# Guide to maintenance



## Belugaaf22 (4 mo ago)

2014 mini cooper base, barely driven at all ( only 35000 miles). What kind of maintenance jobs should I be doing at home other than oil changes and filter changes?


----------



## Autoputzer (Mar 16, 2014)

Tire rotation (LF > LR > RF > RR > LF for FWD cars). You owner's manual probably doesn't list tire rotation as part of scheduled maintenance. My 2014 5 Series' manual doesn't. Tire rotation is a PIA without a spare tire or a frame lift, though.

A few years ago, BMW of Bubbaville (BMWoB) was remodeling their building. They moved into MINI of Bubbaville (MINIoB) next door. Sharing the customer waiting area with MINI owners, it seemed like every one of them was getting the bad news that their front tires were worn out and needed to be replaced.

I measure my tread depths when I rotate the tires. On my FWD Chevy Cobalt, my front tires wore 36% faster than my rear tires. There were also differences in the left and right wear rates on each axle. I rotated my tires every 5k to 6k miles.

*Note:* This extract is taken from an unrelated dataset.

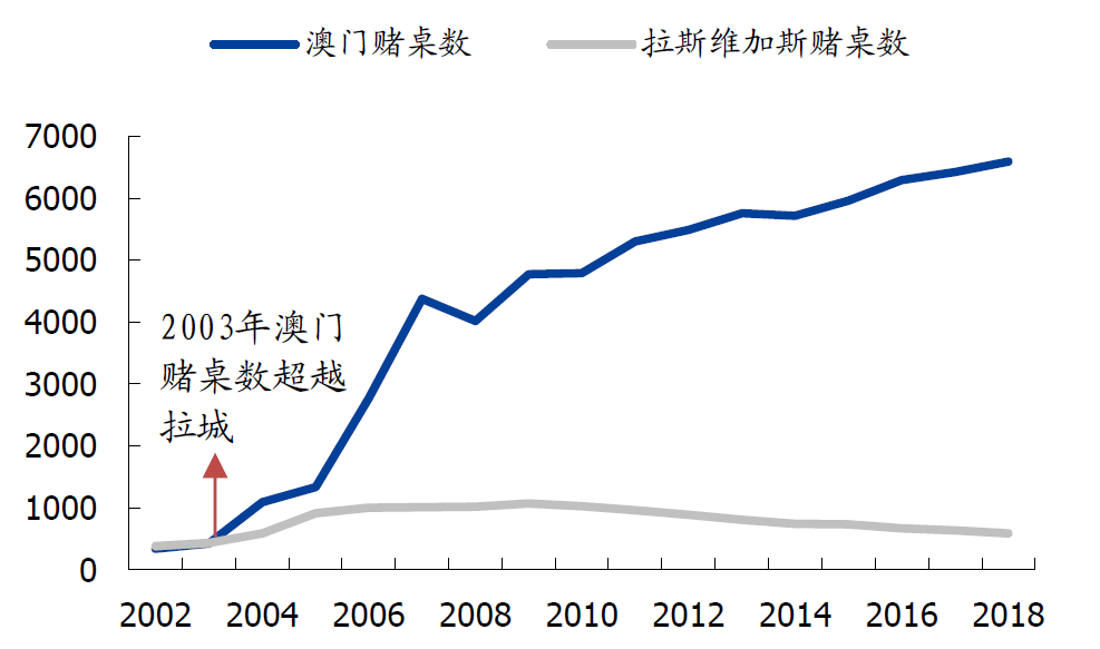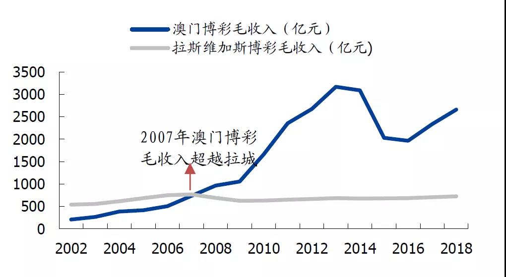 2018年,澳门博彩收入已经高达3029亿澳元(折合约2659亿元人民币),拉斯维加斯为103亿美元(折合约722亿元)。澳门已为拉斯维加斯近4倍。澳门赌桌数为6588张,为拉斯维加斯的11倍。2018年,赴澳门旅客人数为3580万人次,人均博彩支出为7426元,赴拉斯维加斯人数为4212万人次,人均博彩支出为1714元。赴澳游客人均博彩支出是拉斯维加斯的4.33倍。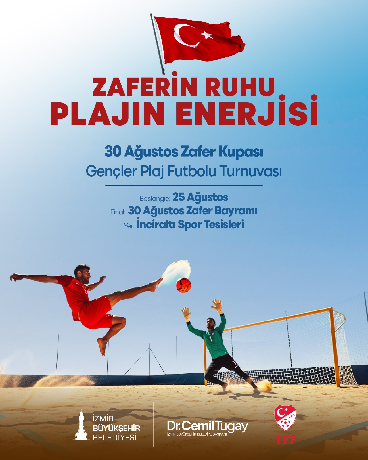 Zafer Bayramı için İnciraltı Spor Tesisleri'nde ''30 Ağustos Zafer Kupası Gençler Plaj Futbolu Turnuvası'' yapılacak. 28 Ağustos’ta başlayan toplam dokuz takımın katıldığı turnuva, 30 Ağustos’ta final müsabakalarıyla sona erecek.

After four rotation stints (23k miles) the average wear on each of the four tires only varied by 0.2/32".










Actually, if you have the original tires on the car you should replace them. Spontaneous tire failure rates abruptly go up after tires have been installed over six years. 

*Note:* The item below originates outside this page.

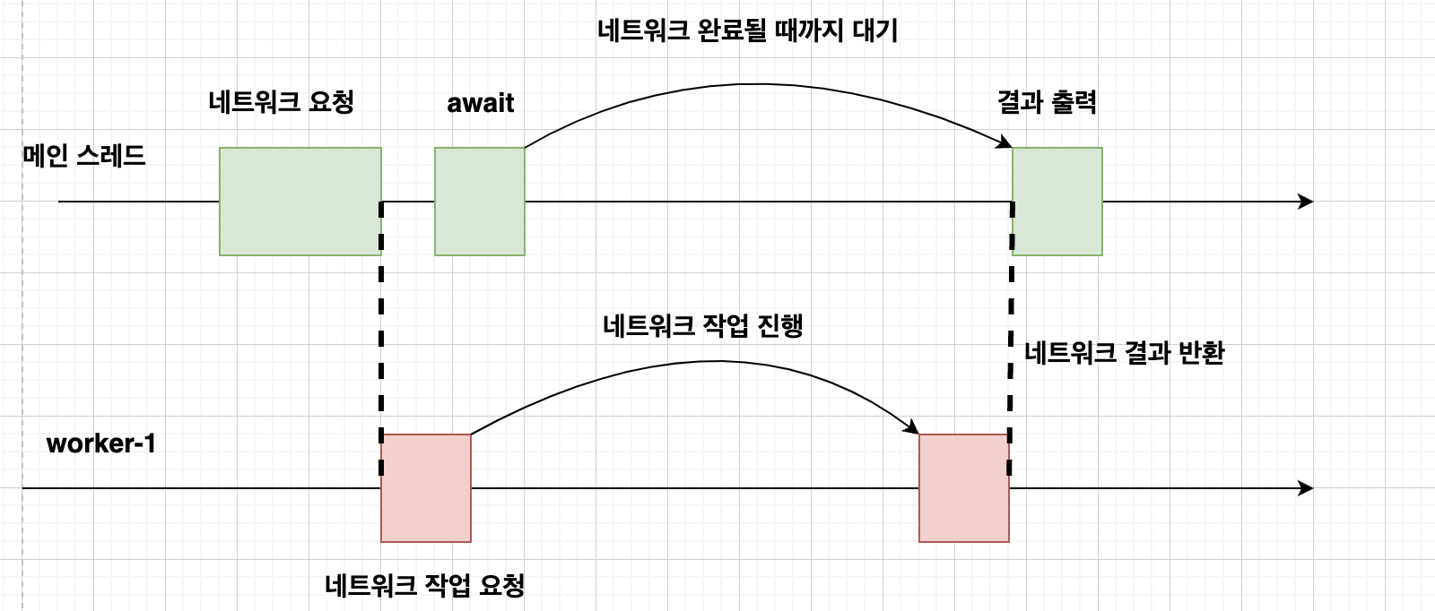 즉 async-await를 사용하면 새로운 코루틴을 만들지만 await 함수가 호출돼 순차 처리가 돼 동기적으로 실행되는 것이다.

You should check and adjust your tire pressures every two or three weeks (more often in the second half of the year when the outside temperatures are falling), and before and after a high-mileage day (road trip).

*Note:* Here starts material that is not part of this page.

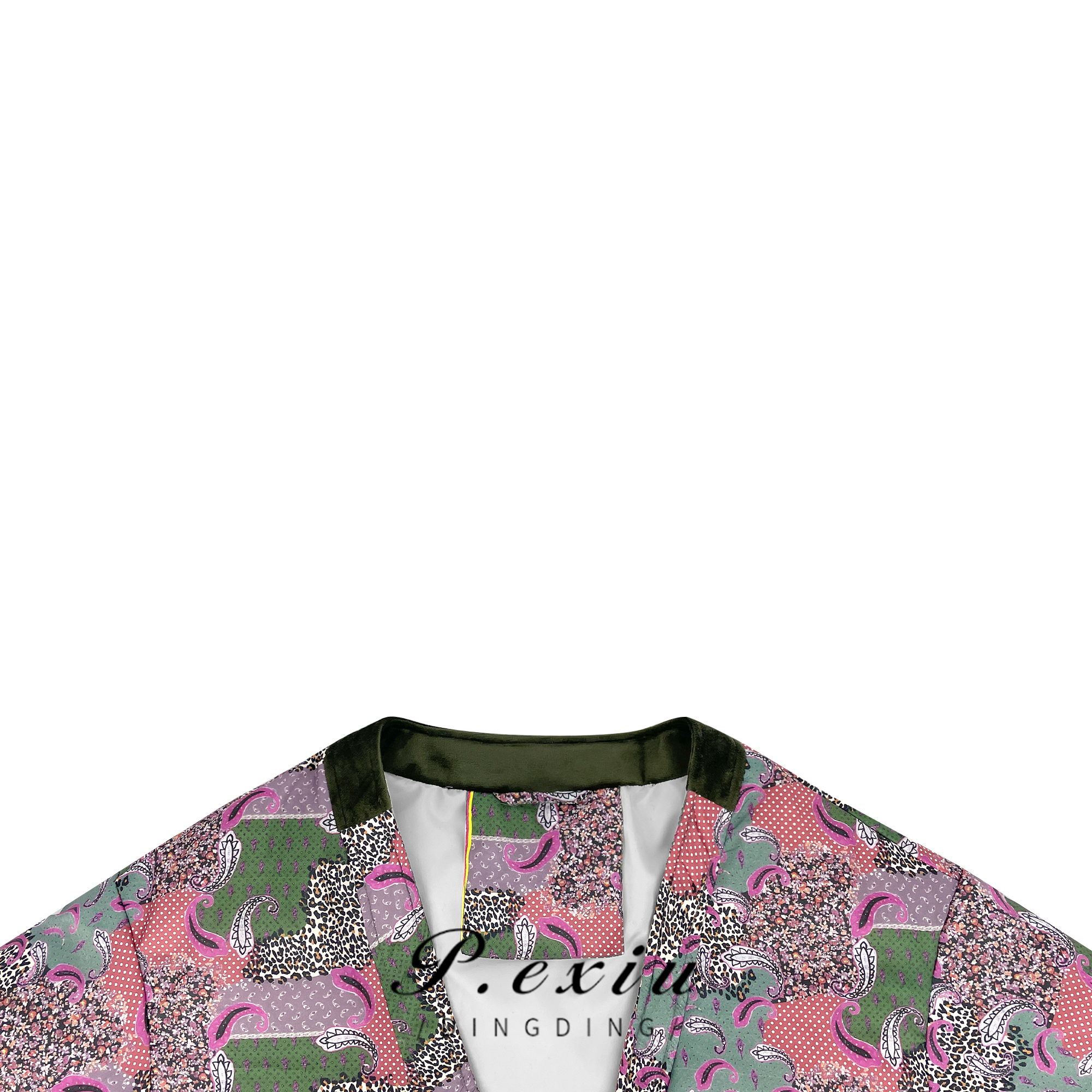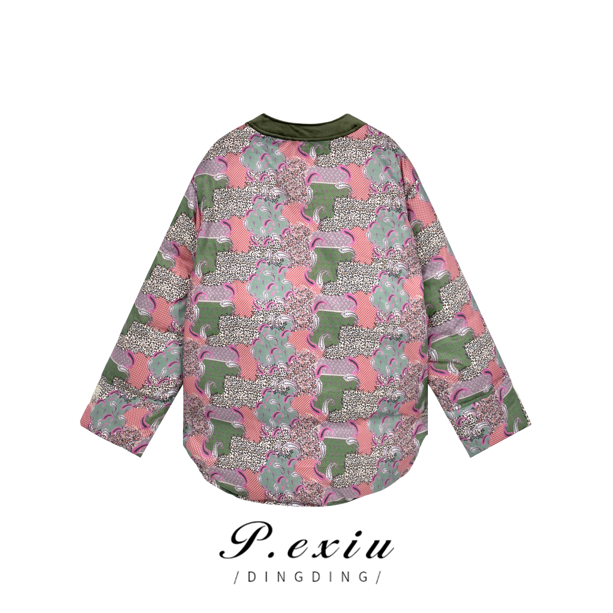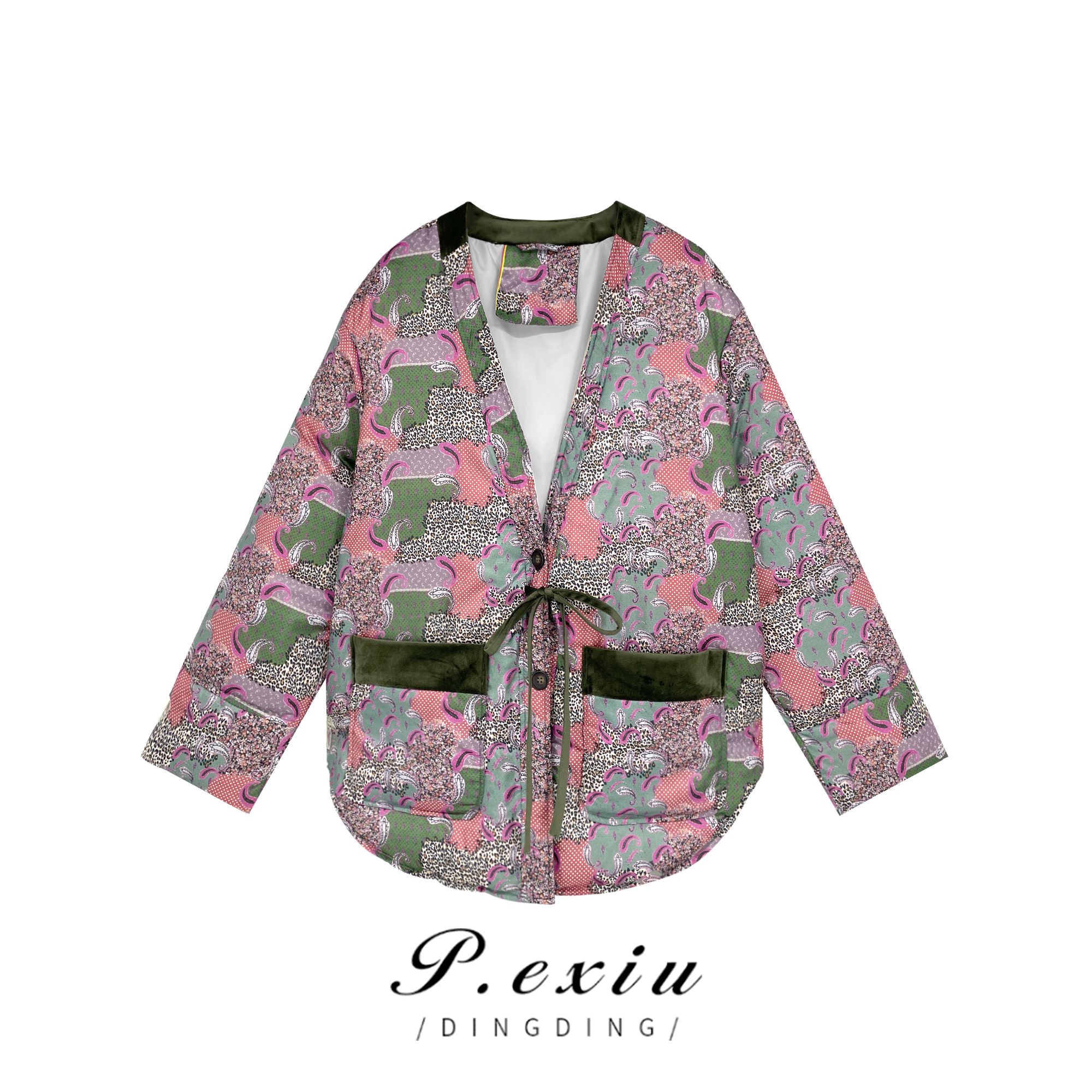 潘依绣丁丁宠粉PanYiXiu/潘依绣【花罗】新中式国风V领撞色外套 MJ917

If your car is like BMW's, it used DOT 4 brake fluid and should be changed after three years and then ever two years after that.

If your car has an AGM (absorbent glass mat) battery and it's the original one, you're due for a new one. Mine got "weak" after 6.5 years, and caused a software glitch. Computers do illogical things when they are supplied insufficient voltage.

With that low annual mileage, cosmetic sunlight damage is a big concern. Keep the paint waxed, and the exposed rubber and unpainted plastic treated. If the car's parked outside during the day, rotate the direction in which it's parked. When I worked, I did that weekly (facing north one week, facing south the next week)

You can maximize the benefit of your effort by waxing the horizontal surfaces (say from the door handles up and the top of the rear bumper) twice as often as the vertical surfaces. The vertical surfaces get a glancing blow from sunlight, and then only during half the time (if the car is rotated). The nose (front axle forward) and side mirrors benefit from frequent waxing to minimize paint damage from bug splats.

Cover the leather steering wheel with a towel when it's parked in sunlight. When I was working, I'd tuck a large towel (bath sheet) over the entire dashboard and steering wheel. I'd put bath sheets over my leather seats, too. I cut white poster board to cover the cargo area cover and top of the back seats.

At some point, the belts will get weak just from age.


----------



## Belugaaf22 (4 mo ago)

Wow really appreciate the in depth reply! I will definitely keep an eye out for those things. Yeah the main things I was concerned about is mostly wear on any belts or if starters or spark plugs, etc need to be replaced due to wear


----------